The courts had previously established in the Ambiorix case in July 1991 that no Government or Cabinet documents were privileged from disclosure in court, merely on account of their origin. Documents which the Government wanted to protect on grounds of executive privilege would have to be inspected by the judge, who would balance the need for secrecy against the interests of the litigant and the public in the administration of justice.
The Constitution Review Group, chaired by Dr. T. K. Whitaker, dealt briefly with the Cabinet confidentiality issue in its report published in May 1996. The group concluded that there were strong grounds for extreme caution in any approach to relaxation of that Cabinet confidentiality rule. It noted:
that such confidentiality is an almost universal feature of Government, and the essential underpinning for the doctrine of collective responsibility enshrined in Article 28.4.2º. Collective responsibility is, in turn, essential to a Government's ability to plan and act cohesively.

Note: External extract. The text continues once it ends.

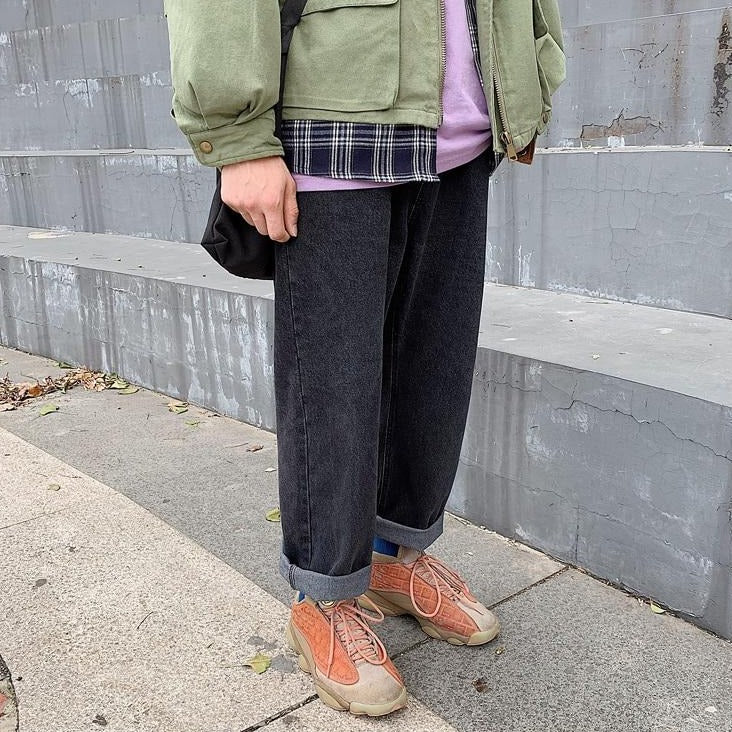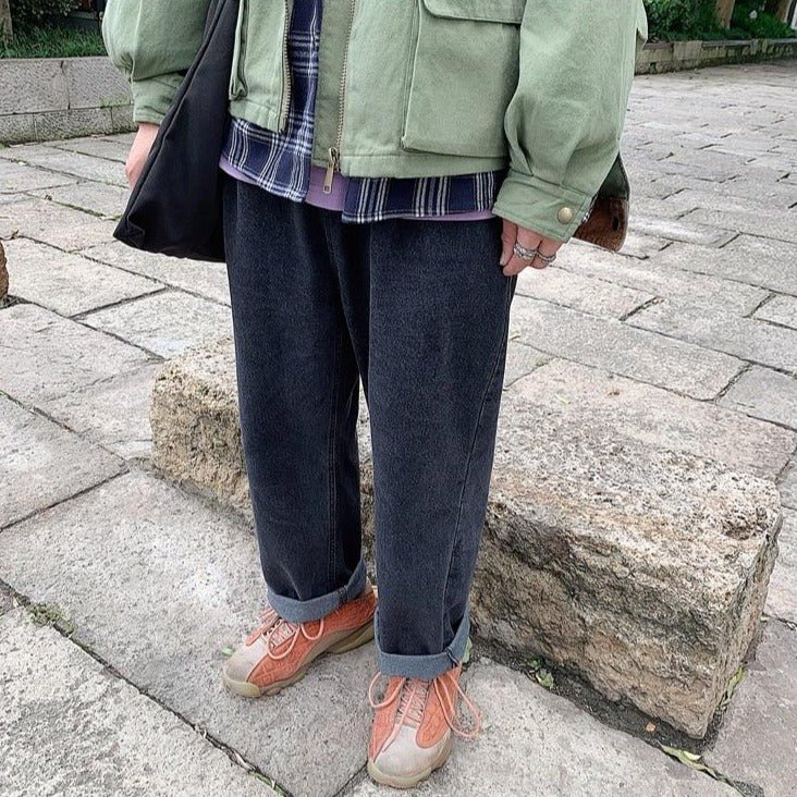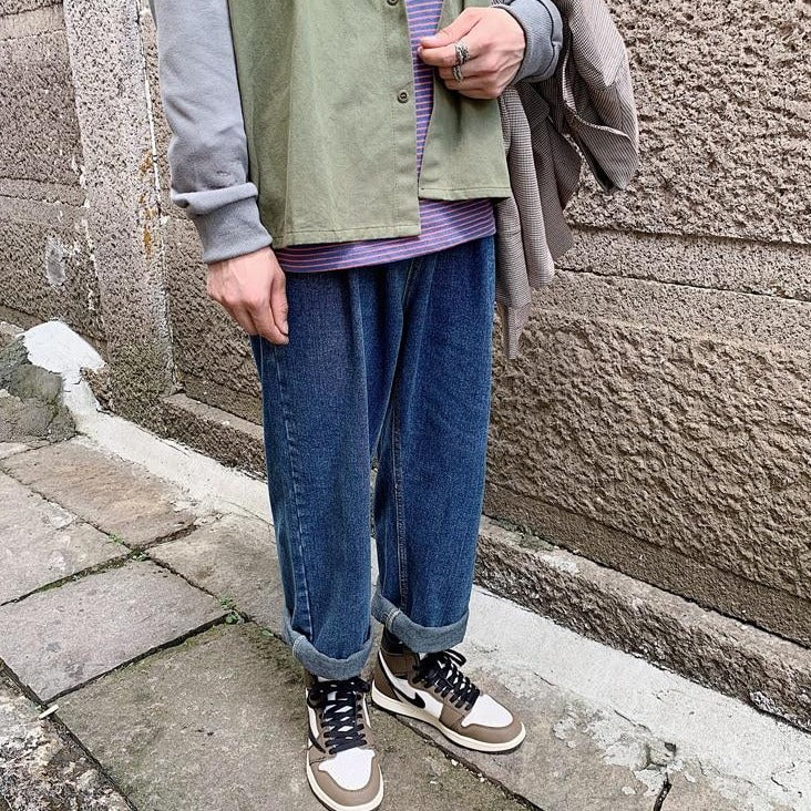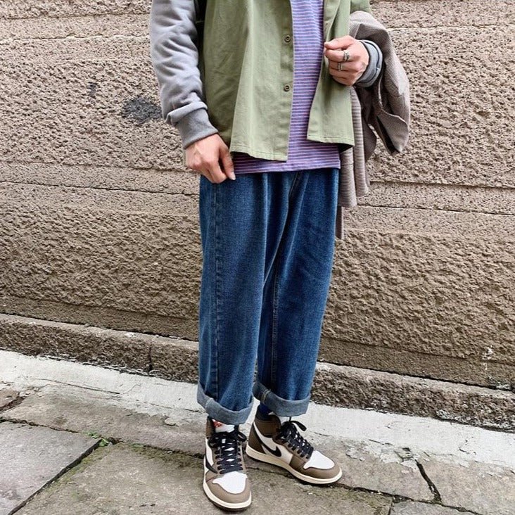 Ce pantalon en jeans droit est appelé un Baggy. Ce modèle est très populaire en Corée du Sud, car les coréens apprécient les coupes droites. Faites vos ourlets et partez vivre des aventures avec jeans large. Si vous aimez la mode vintage coréenne, c’est le pantalon idéal.

The possibility that Cabinet confidentiality might in some circumstances be lifted could in itself, obviously, inhibit discussion and, therefore, the effectiveness of Government.
The group considered two approaches:
1. any relaxation should be subject to the most stringent test of public interest, as judged by the High Court or Supreme Court, and should be confined to the context of a criminal prosecution against a member, or former member, of the Government (as is the case in the United States and Australia)
2. the context specified at (1) could be unduly restrictive and it might be better to express any constitutional relaxation in less specific terms, while still applying the test of overriding public interest, as determined by the High Court or Supreme Court.
The group also stressed that the rule of Cabinet confidentiality does not apply to Government decisions which are formally recorded — their communication to those concerned establishes them as items of public knowledge. That is the legal history attaching to this issue.
The doctrine of collective responsibility is underpinned in an important way by preserving the confidentiality of Cabinet discussions. The potential disclosure by an individual member of the Government of these discussions in a particular case, at some future time, could have an inhibiting effect on free discussion at Cabinet. Such confidentiality has been an element in the political stability we have enjoyed over many years.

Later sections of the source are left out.